Ecohome – Both Plywood & OSB have benefits & drawbacks, with much misinformation about Permeability – EcoHOME investigates the latest Data for new Code to help make the best choice
OSB v Plywood – Which is Best?
Odds are, that if you pass a housing development of wood-framed houses, it will have OSB (oriented strand board) as exterior sheathing. When you count sub-floors, roofs and wall sheathing, OSB claims about 70% of the wood sheathing market in North America over plywood. Both products have benefits and drawbacks; we will go over those, starting with their composition, and explore “which is better?” Especially in relation to OSB or Plywood use for Roofs, Walls & Floors.
OSB is made of small and fairly rectangular-shaped wood chips from small resinous trees, which are bonded into a panel form with wax and synthetic resin. Plywood on the other hand, is made with thin sheets of wood that have been cut from a spinning log, then glued together with the grain laid out in alternating directions to maximise strength. OSB can be made with smaller trees while plywood requires more mature trees, big enough that a thin veneer can be cut off of a spinning tree (as seen in the video at the bottom of the page).
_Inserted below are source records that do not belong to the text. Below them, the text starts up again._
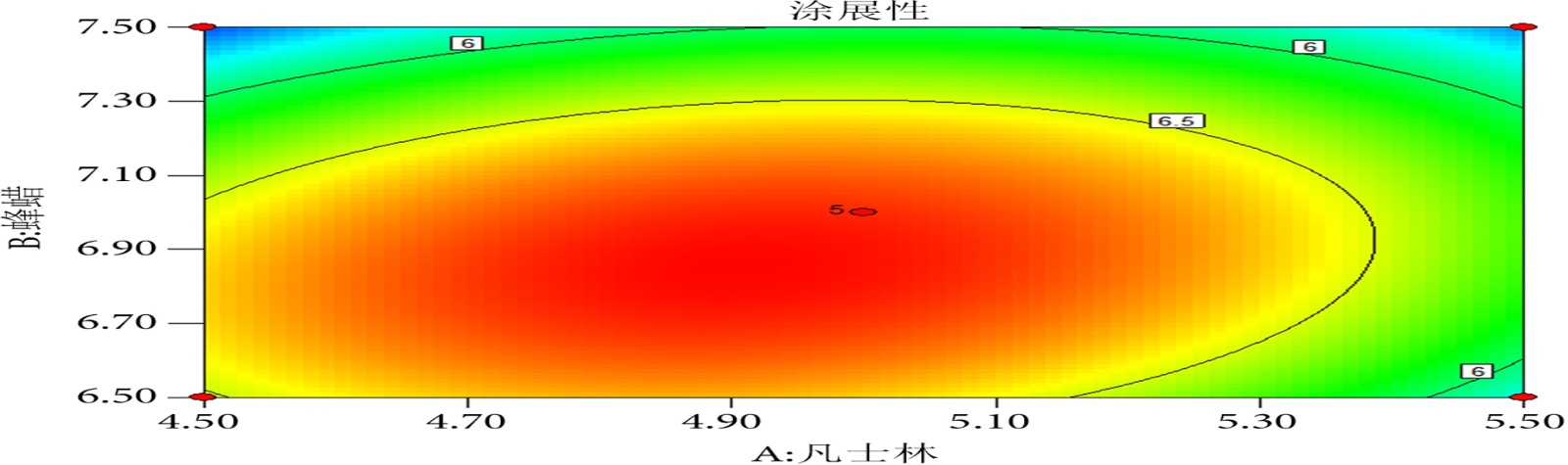 根据上述响应面分析法所得到的最佳工艺条件下,从实际情况看,对结果进行修正,进行验证试验,重复3次实验,测得的鸡蛋花精油唇膏的涂展性的平均值[12]。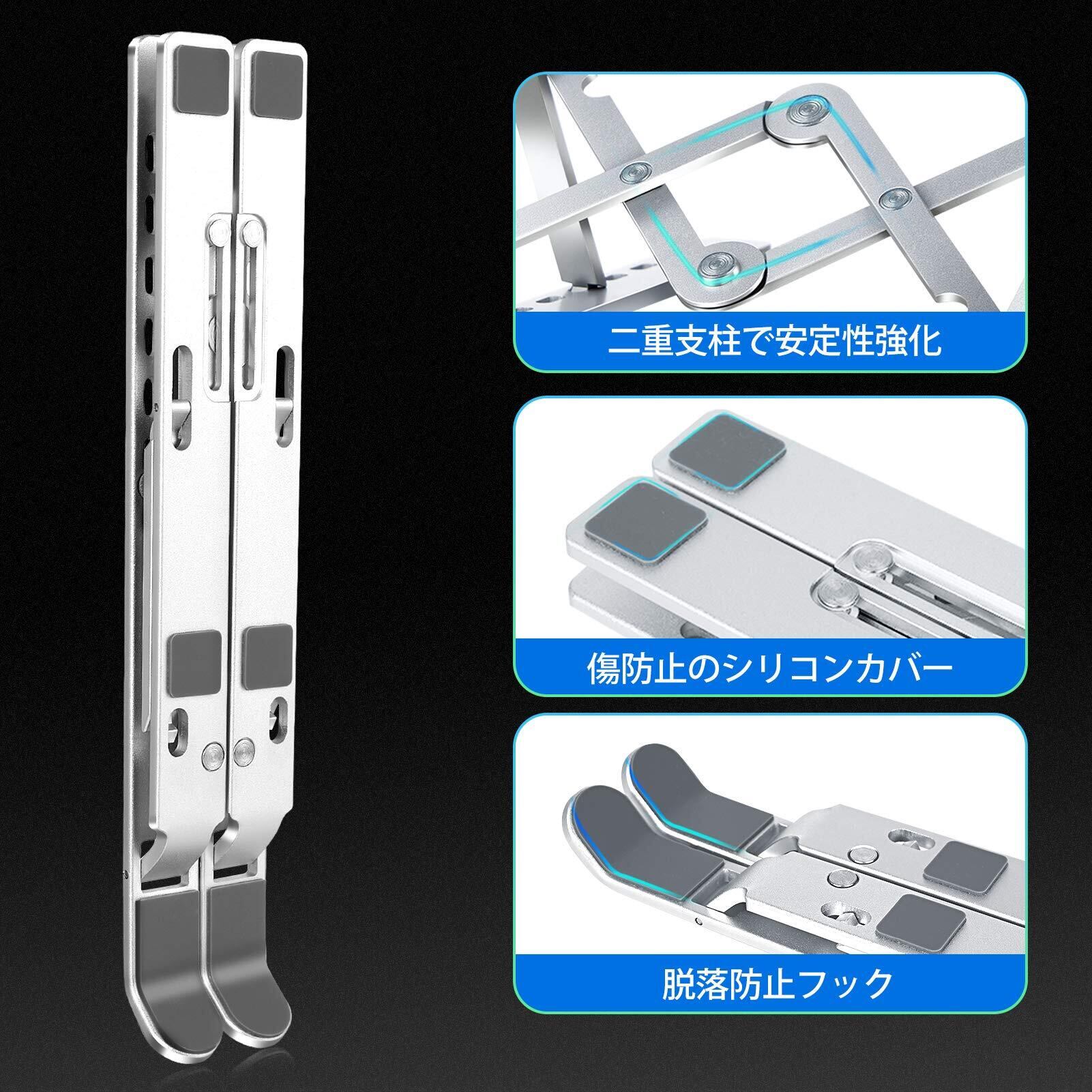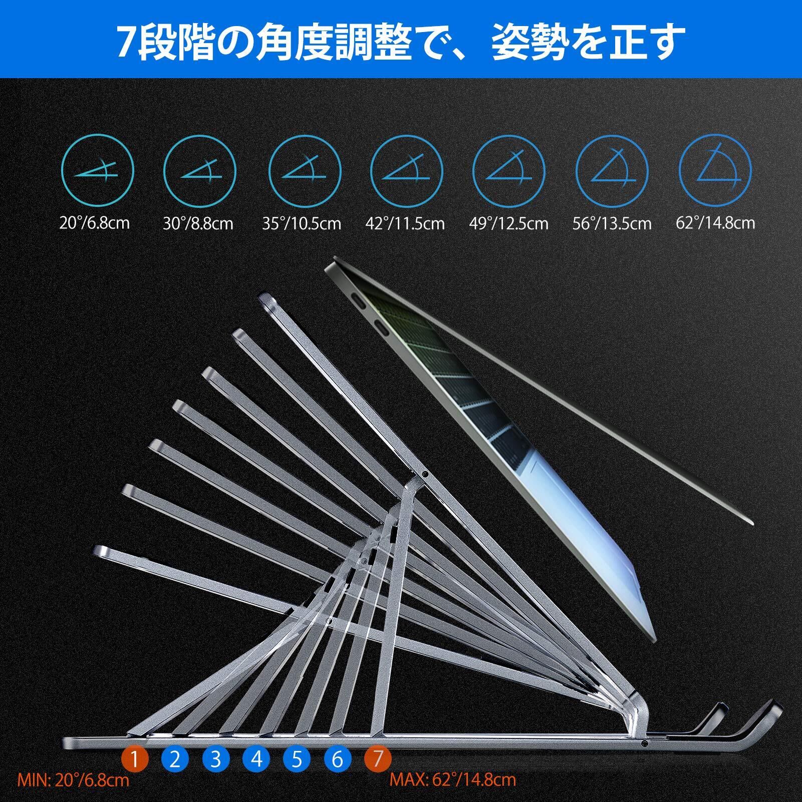 ノートパソコンスタンド タブレットスタンド ラップトップスタンド ノートPCスタンド 人間工学設計 7段高さ・角度調整可能 姿勢改善 腰痛/猫背解消 滑り止め 折りたたみ式 持ち運び便利 アルミ合金製 軽量PC/MacBook/ラップトップ/タブレットなどに対応 在宅勤務 リモート授業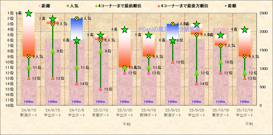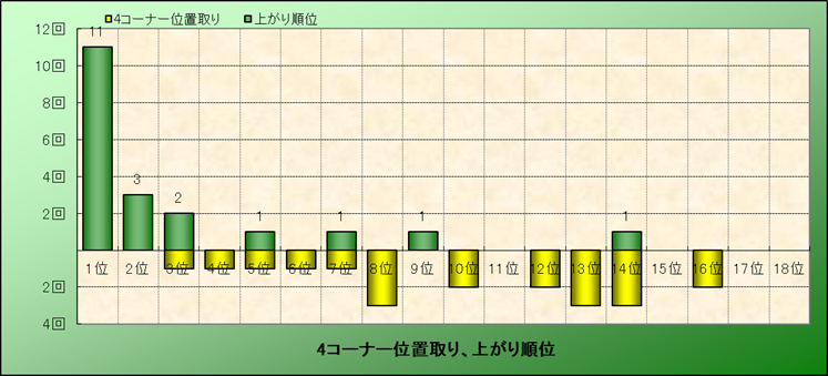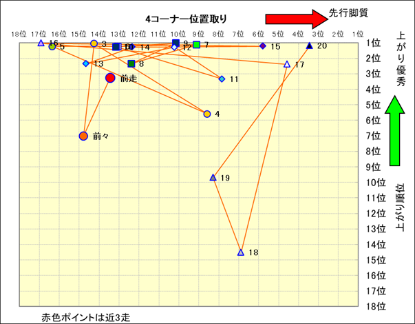 脚質解析 近20レースの4コーナーでの位置取りと上がり順位(頭数補正後) |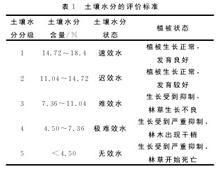 我們現(xiàn)在對土壤水分進行樣品采集和測定主要通過空間代時間的方法來測定不同年限退耕地土壤水分變化。為減少由此產生的誤差,對每個時間序列進行多點重復調查以增加樣本數(shù)。首先通過訪談、歷史資料查證等確定退耕的時間。土壤水分采用土鉆樣,烘干法(105℃)測定,測深5m,取樣深度間隔20cm。采樣時間為2005年7-8月。對獲取資料進行分析時,剔除了由于特殊立地的影響而形成的異常值,用于分析評價的樣點為66個。 評價指標和評價標準根據(jù)所處研究區(qū)域的土壤條件和土壤水分有效性與土壤持水力、水分常數(shù)(主要是凋萎系數(shù)和田間持水量)的特征,劃分出土壤有效水分區(qū)間。一般來說,有效水被植物的利用有難易區(qū)別,愈靠近凋萎系數(shù)的水愈難被植物吸收。在黃土高原,一般以田間持水量的60%作為植被生長阻滯點,相應地,參考有關人員對土壤水分的研究結果,將研究區(qū)土壤含水量劃分為5個等級(表1)。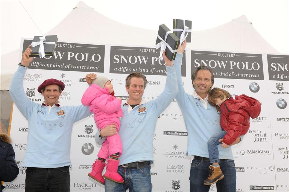 The all-English team for new team sponsor BMW with Sebastian Dawnay, Gavin Turner and David Lewis presented itself as a worthy opponent reaching the final of the tournament in Klosters, which went into overtime. Tournament Director Daniel Waechter, his daughters, Dayna and Jill Waechter and Marcel Geser with Oscar Mancini (team Duran Duran) took fourth place defeated by Tim Bown, Charlie Wooldridge and Paul Knights of Team Hackett with 9:15. Henry Brett, former England captain, alongside Cédric Schweri and Stefan Locher of team How To Spend It lost the fifth place to the Davos Klosters team of Jamie Morrison, Simon Arber and Spencer McCarthy who won with 14:9. Chris Kiesel and Dominik Velazquez, who lined up with the Swiss Martin Vogt for team CheapTickets.com lost the seventh place to the Peaches Property team of Dr. Thomas "Tuti" Wolfensberger, Peter Sander and Francisco Podesta who won with 10:6.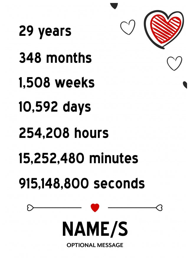 This 29th anniversary Card has been designed with black and red hearts with the following text.
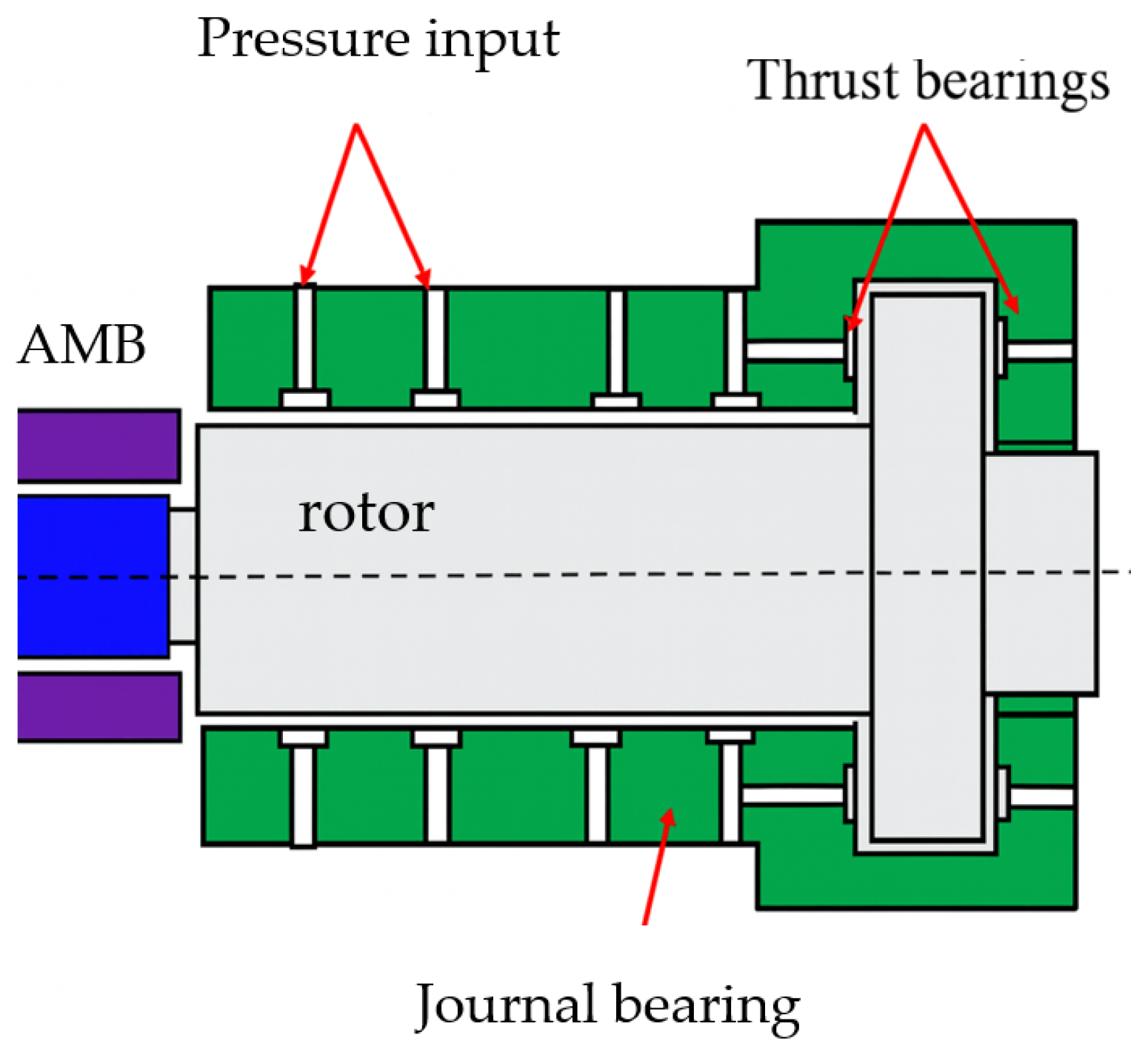 - Liu, Q.; Ahn, H. Hybrid Gas-Magnetic Bearings: An Overview. J. Appl. Electromagn. 2021, 53, 123–145. [Google Scholar] [CrossRef]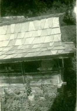 Stone and wood masonry katth-kuni . Wooden doors, stairs and balcony. Slates on roof.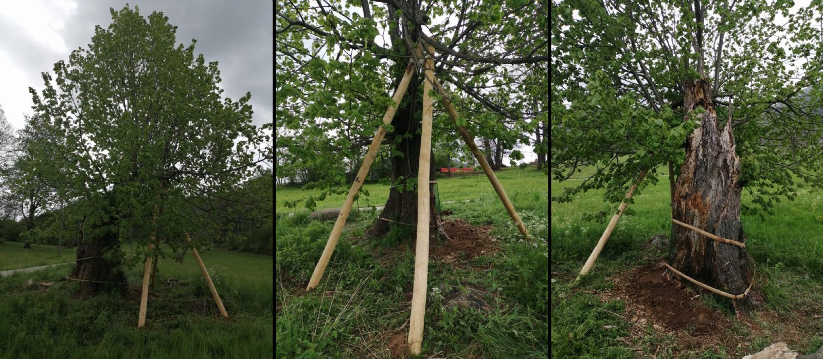 Nel corso dell’intervento sono stati posizionati dei pali a sostegno della porzione della chioma rimasta viva (che risultava fortemente sbilanciata), e la cavità del tronco è stata riempita con materiale organico misto (composto da terriccio, lapillo e cippato).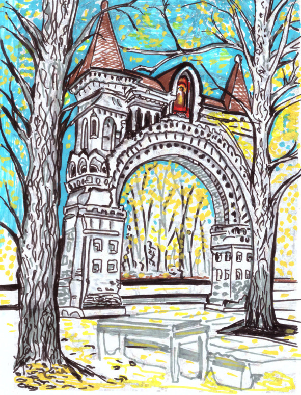 Сегодня мы спустимся к «Ладье» по улице Осипенко, – одном из знаковых мест советской эпохи. От старых времен здесь остались только ворота Свято-Никольского монастыря.

The history: plywood dates back about a hundred years, but it took decades before it replaced solid planks as the industry standard for closing up a house. OSB showed up in the early 60s and had a similarly slow start; it wasn’t until around the year 2000 that it overtook plywood as the sheathing of choice in the North American housing market.
The current domination of OSB can be traced to one main thing – it’s cheaper. Sheathing a 2,400 sq. ft. home at current prices would cost about $700 more with plywood than OSB.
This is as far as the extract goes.